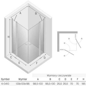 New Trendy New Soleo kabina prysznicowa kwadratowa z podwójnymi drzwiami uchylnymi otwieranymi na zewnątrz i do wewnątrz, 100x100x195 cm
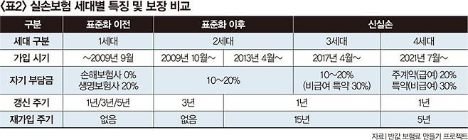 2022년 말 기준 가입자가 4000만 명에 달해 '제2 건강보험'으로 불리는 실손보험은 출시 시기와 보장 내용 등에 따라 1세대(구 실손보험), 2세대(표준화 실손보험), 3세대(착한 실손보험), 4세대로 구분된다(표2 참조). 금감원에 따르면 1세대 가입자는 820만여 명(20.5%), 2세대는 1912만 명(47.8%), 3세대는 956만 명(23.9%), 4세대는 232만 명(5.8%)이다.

---

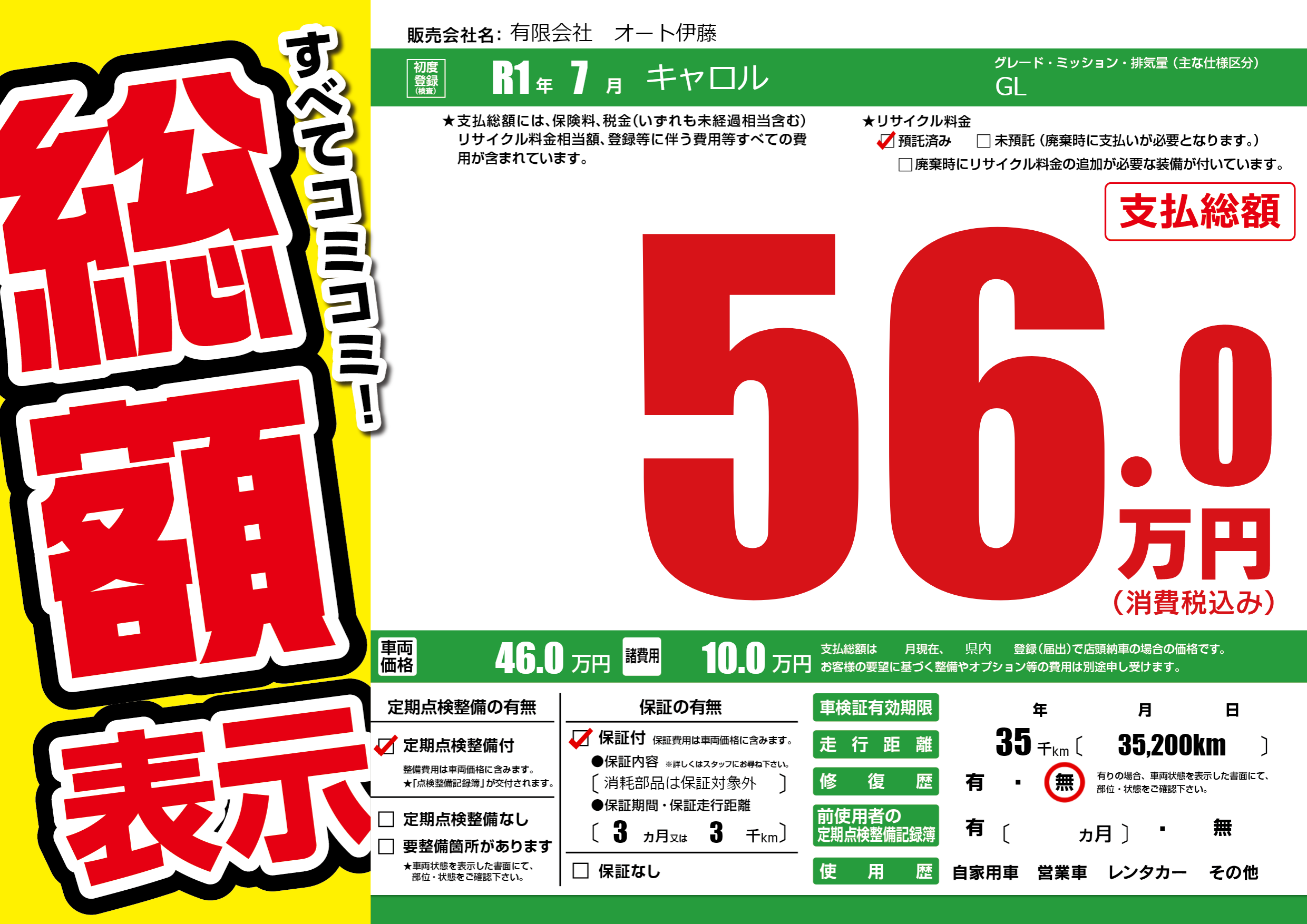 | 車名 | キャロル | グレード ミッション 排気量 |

==

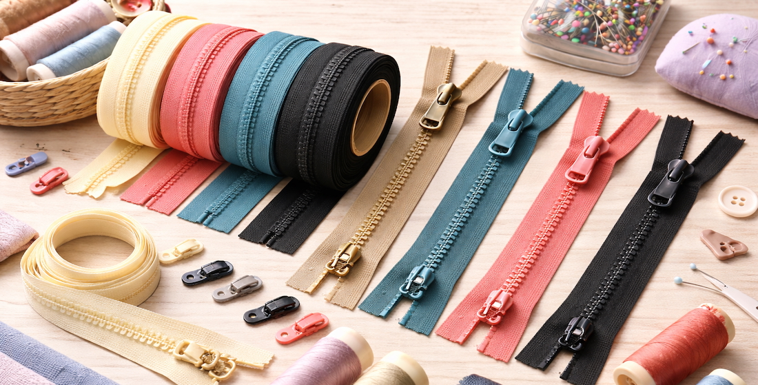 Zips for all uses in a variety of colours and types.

Task details. Nothing except the lines from the one containing "New Trendy New" through the one containing "2022년 말 기준 가입자가" should appear in the answer, exactly as above and without pictures.

Task solution.
 New Trendy New Soleo kabina prysznicowa kwadratowa z podwójnymi drzwiami uchylnymi otwieranymi na zewnątrz i do wewnątrz, 100x100x195 cm
 2022년 말 기준 가입자가 4000만 명에 달해 '제2 건강보험'으로 불리는 실손보험은 출시 시기와 보장 내용 등에 따라 1세대(구 실손보험), 2세대(표준화 실손보험), 3세대(착한 실손보험), 4세대로 구분된다(표2 참조). 금감원에 따르면 1세대 가입자는 820만여 명(20.5%), 2세대는 1912만 명(47.8%), 3세대는 956만 명(23.9%), 4세대는 232만 명(5.8%)이다.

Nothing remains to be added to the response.